Also, when I am asked where I am from, I will say "Corby originally, but I left there in 1972 and have now lived in Nottingham for 22 years" - a mouthful, but answers most questions!


----------



## vince

I see that the situation is similar in The UK as in Canada.

Does the situation apply to "white people" (for lack of a better word) as well? Or only to us native-born foreigners? (what an oxymoron!)


----------



## bouee

where are you from could also be : d'où êtes vous ?


----------



## vince

i've also heard "tu es d'où?" For the first dozen times I heard it, I thought people were asking "tu es doux?" ("Are you gentle?") which really confused me.


----------



## emma42

"Tu es doux/d'où?"! 

If it's a white person with a "foreign" accent I will just say, "where are you from?" because it's unlikely that they are native.


----------



## bouee

vince said:
			
		

> i've also heard "tu es d'où?" For the first dozen times I heard it, I thought people were asking "tu es doux?" ("Are you gentle?") which really confused me.



  

I had never realised it sounded the same !


----------



## JerseyRich

S'il vous plait,
Vous venez d'ou? = Where are you from

How polite is the above sentence

Merci d'avance

Richard


----------



## Chipolata

Hello Richard,

"Vous venez d'où" is quite colloquial, I mean, you can use it but it's not the proper way to make a question. "D'où venez-vous?" would be more adequate.


----------



## JerseyRich

Would you use D'où venez-vous? if you were talking to someone younger and maybe in a bar



Chipolata said:


> Hello Richard,
> 
> "Vous venez d'où" is quite colloquial, I mean, you can use it but it's not the proper way to make a question. "D'où venez-vous?" would be more adequate.


----------



## Chipolata

To someone younger and in a bar I would say "Tu viens d'où?" ;D


----------



## JerseyRich

Merci encore


----------



## Spiderkat

JerseyRich said:


> S'il vous plait,
> Vous venez d'ou? = Where are you from
> 
> ...


I think it's better to translate "D'où venez-vous?" as "Where do you come from?" and "D'où êtes-vous?" as "Where are you from?".


----------



## to_rk

Est-ce que vous habite? this translate to where do you live?

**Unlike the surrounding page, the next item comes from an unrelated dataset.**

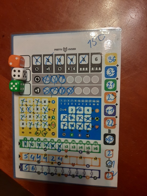 Пнп "Хитрого 1" стал нашей игрой начала мая. Стоило распечатать планшеты, взять несколько кубиков от Квикса и докупить еще оранжевый с фиолетовым - как "Хитрый" прочно выселил все остальные игры. Мы играли в него вечерами, между уроками, вдвоем, втроем, сын даже соло-режим освоил, И каждый раз мы думали: " как можно придумать такую гениальную игру?".

but...it should sound like 'where are you from?'

quand vous etes depuis? -- is this correct


----------



## lauren0187

*D'où viens*-*tu? - where do you come from*


----------



## fragilistic

I would translate "where are you from?" as "vous êtes d'où?" (où means where)
And "where do you live?" as "Où est-ce que vous habitez?"
your sentence is not correct. Quand means when.
Hope this helps.


----------



## Ms Serenah

Bonjour!
Could you translate the followings into francais for me? 

Where're you from?

[...]

S'il vous plait aider! 
Merci beaucoup ! =P


----------



## pbx

Et _where are you from_, en français : _D'où êtes-vous ?_


----------